[[ DATA EXTRACT, beginning ]]

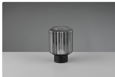
Figure 5: Lamp in the off state.
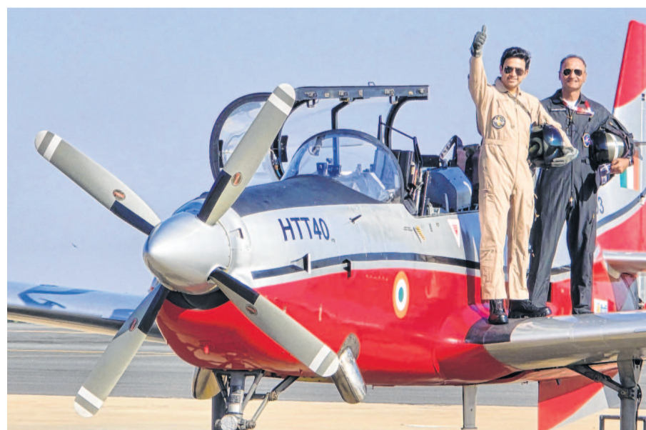
BJP MP Tejasvi Surya takes a sortie in HTT 40 aircraft during the Aero India 2025, in Bengaluru on Thursday

Today I had the opportunity to fly in HTT 40, produced by our own HAL. HAL is the pride of India. It is the pride of B'luru

[[ DATA EXTRACT, end ]]

*HOW TO COMPLETE THIS TASK*.
Some lines above contain the word "India". Copy each of them.

*RESULT*.
BJP MP Tejasvi Surya takes a sortie in HTT 40 aircraft during the Aero India 2025, in Bengaluru on Thursday
Today I had the opportunity to fly in HTT 40, produced by our own HAL. HAL is the pride of India. It is the pride of B'luru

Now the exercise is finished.